Directions for this task:
Please restate each line of the material word for word and omit any pictures.

Material provided:
__________________________________________________
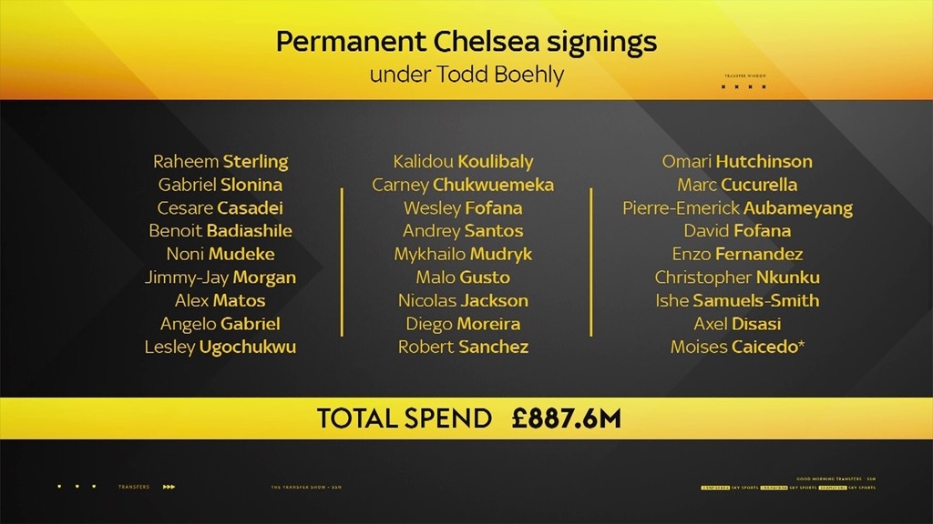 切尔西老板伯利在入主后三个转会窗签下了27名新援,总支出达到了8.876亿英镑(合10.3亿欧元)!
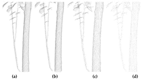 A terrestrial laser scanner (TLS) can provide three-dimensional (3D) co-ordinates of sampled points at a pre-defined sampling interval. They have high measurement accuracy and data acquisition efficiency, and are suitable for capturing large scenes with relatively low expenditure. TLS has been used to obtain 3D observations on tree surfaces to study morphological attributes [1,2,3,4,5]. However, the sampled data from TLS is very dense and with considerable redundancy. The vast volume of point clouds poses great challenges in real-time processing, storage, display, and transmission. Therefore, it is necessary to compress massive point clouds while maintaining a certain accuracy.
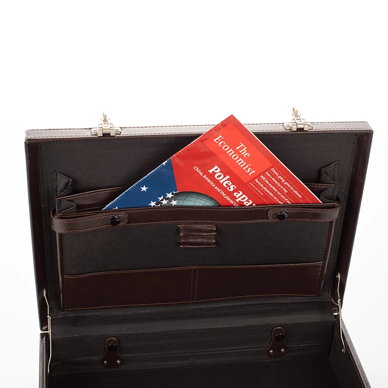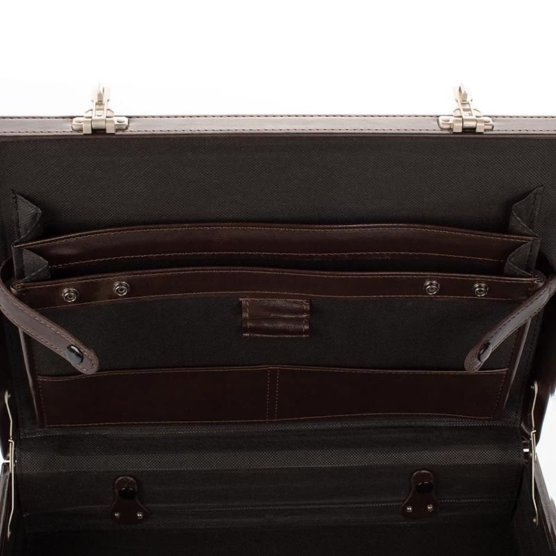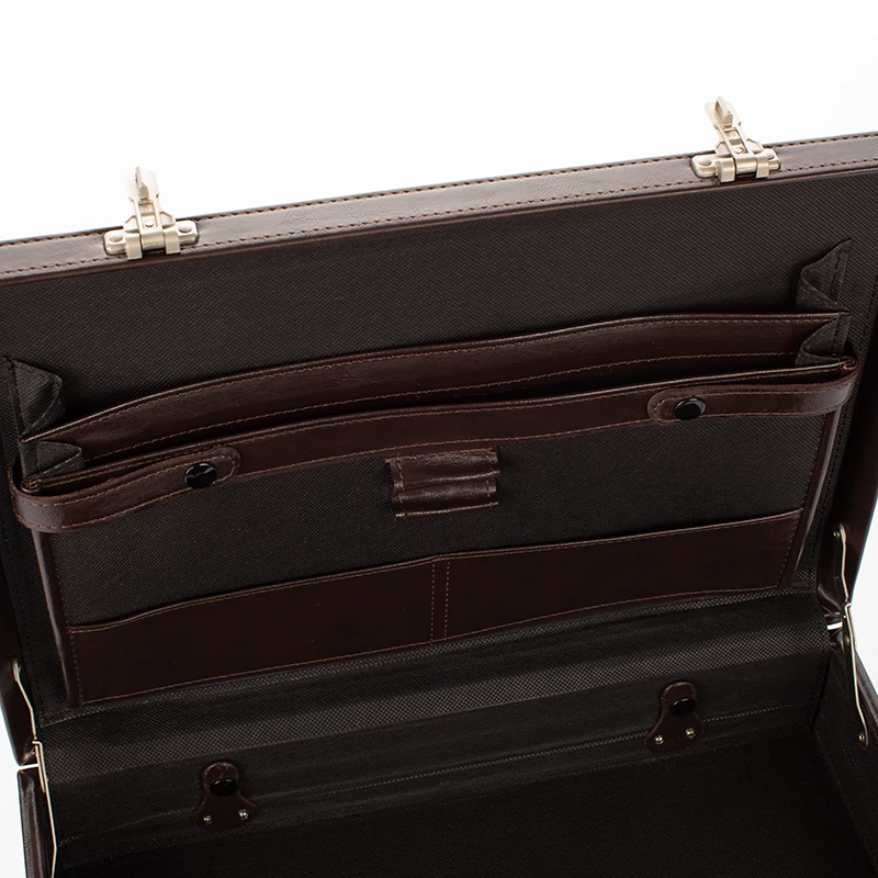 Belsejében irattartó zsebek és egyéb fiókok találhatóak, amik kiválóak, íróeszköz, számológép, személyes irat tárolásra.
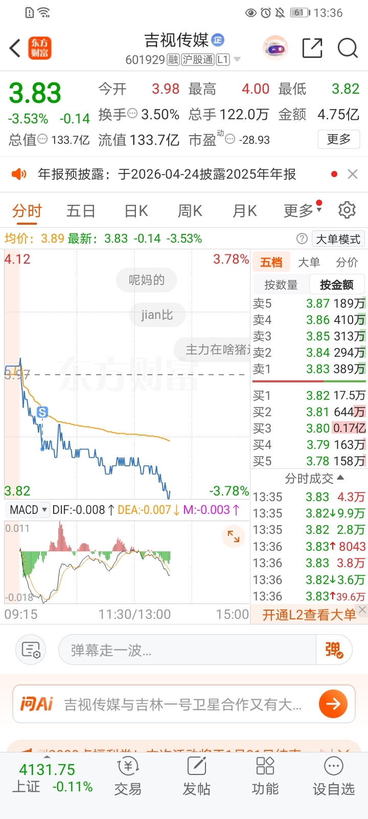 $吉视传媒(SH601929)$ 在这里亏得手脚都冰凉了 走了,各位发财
__________________________________________________
Exercise answer:
 切尔西老板伯利在入主后三个转会窗签下了27名新援,总支出达到了8.876亿英镑(合10.3亿欧元)!
 A terrestrial laser scanner (TLS) can provide three-dimensional (3D) co-ordinates of sampled points at a pre-defined sampling interval. They have high measurement accuracy and data acquisition efficiency, and are suitable for capturing large scenes with relatively low expenditure. TLS has been used to obtain 3D observations on tree surfaces to study morphological attributes [1,2,3,4,5]. However, the sampled data from TLS is very dense and with considerable redundancy. The vast volume of point clouds poses great challenges in real-time processing, storage, display, and transmission. Therefore, it is necessary to compress massive point clouds while maintaining a certain accuracy.
 Belsejében irattartó zsebek és egyéb fiókok találhatóak, amik kiválóak, íróeszköz, számológép, személyes irat tárolásra.
 $吉视传媒(SH601929)$ 在这里亏得手脚都冰凉了 走了,各位发财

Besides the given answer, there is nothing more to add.